The mistake is anchoring on the wrong tier. A $400k ARR bootstrapped tool does not get the multiple of a venture-backed company, no matter what a headline said about a business that looks superficially similar.
- Under $1M ARR, bootstrapped: 2.5x to 4x ARR, or 3x to 5x SDE
- $1M to $20M ARR with 40%+ growth: 5x to 10x ARR
- Public SaaS median: roughly 5x to 12x forward revenue, rate dependent
- Flat or declining SaaS: 1x to 2x ARR, often less
SDE vs ARR multiples: the mix-up that costs founders
SDE stands for seller discretionary earnings: net profit plus the founder's salary and any personal expenses run through the business. It answers the buyer's real question, which is how much cash this business puts in their pocket each year. For SaaS under $1M ARR, most closed deals are priced as a multiple of SDE, not ARR.
Founders read that small SaaS sells for 3x to 4x and quietly assume that means ARR. It usually means SDE. A business doing $360k ARR with $250k SDE at 3.5x SDE is worth about $875k, which is 2.4x ARR. If you assumed 3.5x meant ARR, you expected $1.26M; the realistic number is about $875k. That is a $385k expectation gap from one misread word.
Both multiples describe the same deal from different angles. Quote SDE multiples when your margins are the story and ARR multiples when growth is the story. Buyers will run both and take the lower one seriously.
What moves the multiple
Within any range, six factors decide whether you land at the bottom or the top. None of them are secrets, and buyers check all six in the first week of diligence.
Growth and retention matter most. A SaaS growing 60% a year with 110% net revenue retention earns the top of its range; flat growth with 4% monthly churn earns the bottom or no offer at all. After that, buyers price risk: how much of the business walks out the door if the founder leaves, and how much revenue disappears if one customer does.

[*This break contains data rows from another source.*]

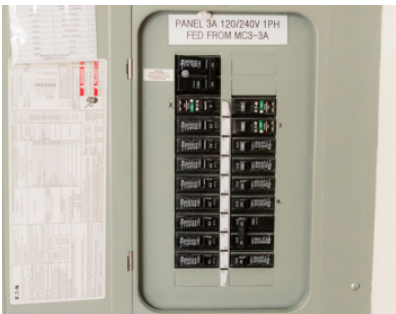
Circuit Box (University Houses)
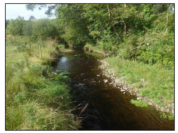
Point bars being formed on the inside loop of the Clodiagh River at Knocknagarve.
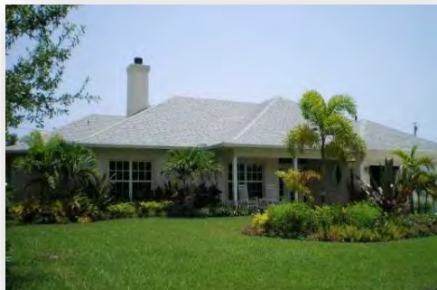
$25,000 Turtle Creek 17 SE Club Circle, Tequesta
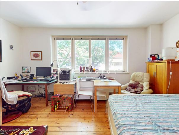
Wohnzimmer 1. OG rechts
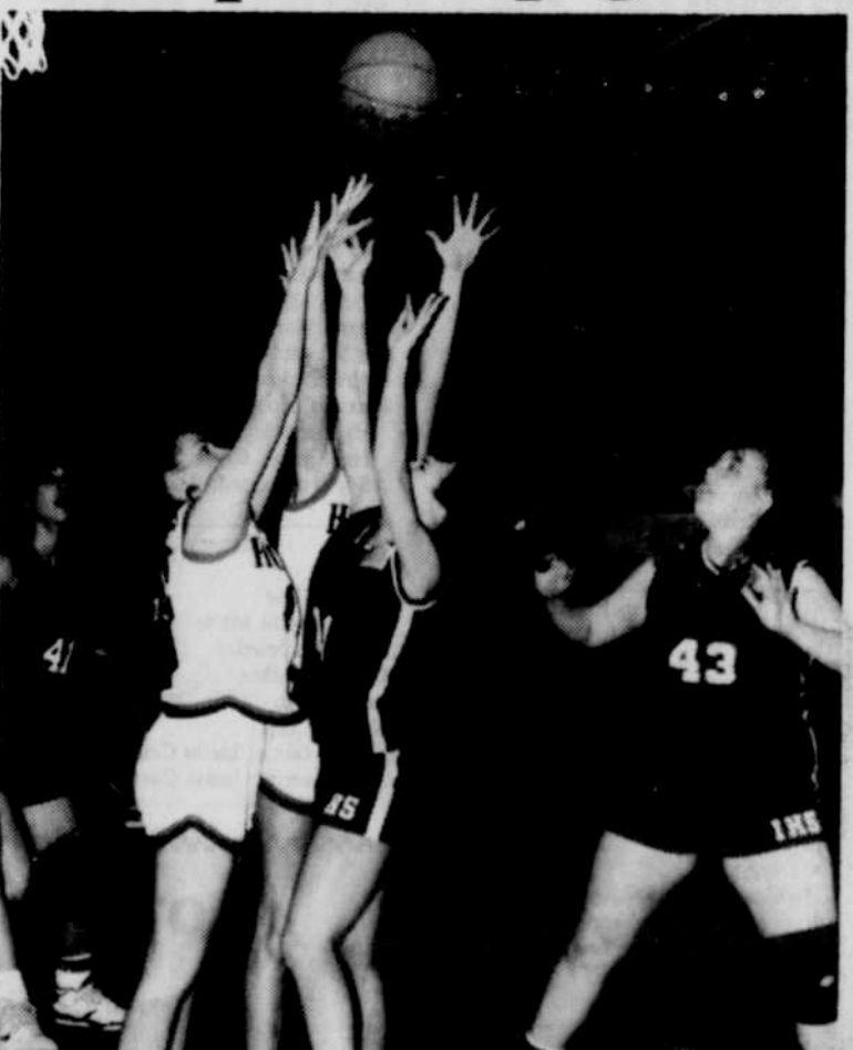
Ione girls fight for rebound. He also noted that a lot of the girls improved dramatically during the season, giving him high hopes for next season.
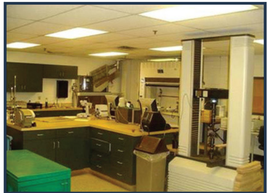
Second Floor - Supervisor Offices
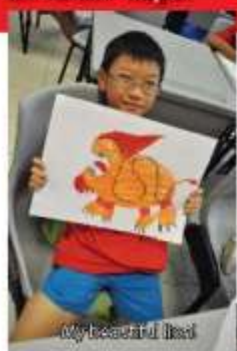
My beautiful lion
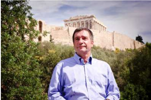
Yiorgos KAMINIS
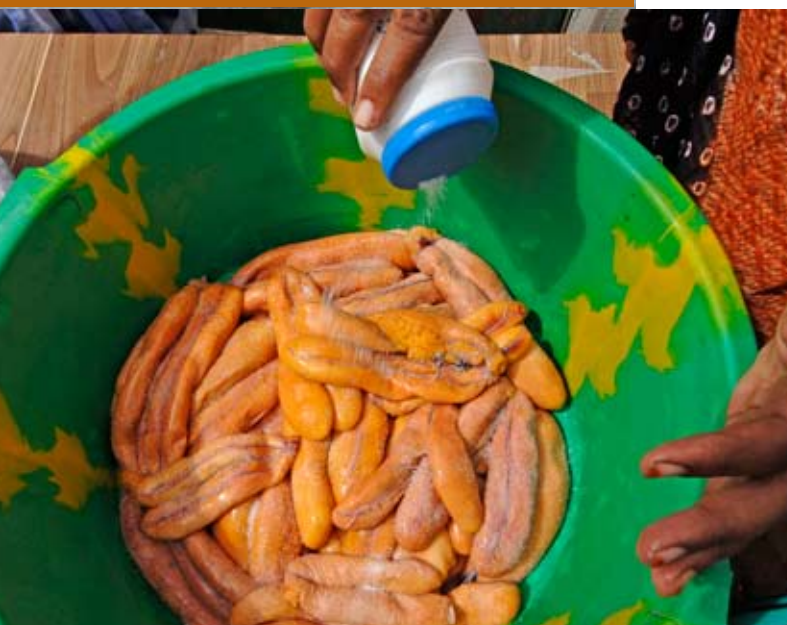
Furthermore, the traditional production uses a minimum amount of salt, risking bacterial contamination

- The NGO Mauritanie2000, begun in 1994, is the Presidium's local partner, given the common interests and activities between their own program ("Femmes et Peche") and Slow Food's project.

- Growth rate: 40%+ year over year pushes the multiple up; under 15% drags it down
- Net revenue retention: above 100% earns a premium; below 85% takes a discount
- Monthly revenue churn: under 2% is strong for SMB SaaS; over 5% scares buyers off
- Gross margin: 80%+ is standard; heavy services or infrastructure costs cut the multiple
- Founder dependency and customer concentration: a founder doing all sales and support, or any customer over 15% of revenue, both cost you
Worked example: valuing a $30k MRR bootstrapped SaaS
Take a concrete case: a solo-founder SaaS at $30k MRR, so $360k ARR. It grew 25% in the last year, monthly revenue churn is 2.5%, and gross margin is 85%. Operating costs are $110k a year across hosting, tools, and two part-time contractors, and the founder pays herself $50k. Net profit is $200k, so SDE is $250k after adding the salary back.
On profit: solid but unspectacular metrics put it around 3.5x SDE, so about $875k. On revenue: 25% growth and decent churn support roughly 2.5x ARR, about $900k. The two methods agree, which is what you want to see. A defensible asking range is $850k to $950k.
Now break it: if churn were 5% monthly and one customer were 30% of revenue, the same $360k ARR business drops to 2.5x to 3x SDE, roughly $600k to $750k. The metrics set the price, not the revenue line.
Where valuations actually clear
Marketplace data is the reality check. On Acquire.com and similar marketplaces, sub-$1M ARR SaaS listings routinely ask 4x to 6x ARR, while closed deals cluster around 2.5x to 3.5x ARR equivalents, and many listings never sell at all. The gap between asking and closing is the founder-hope premium, and buyers ignore it.
Deal structure moves the effective price too. A $900k headline with $500k cash at close and the rest as an earnout tied to retention targets is not a $900k deal; discount earnouts heavily when comparing offers. Expect 3 to 9 months from listing to close, expect diligence to reprice anything your metrics cannot back up, and if you want the top of your range, sell while growth is accelerating, not after it stalls.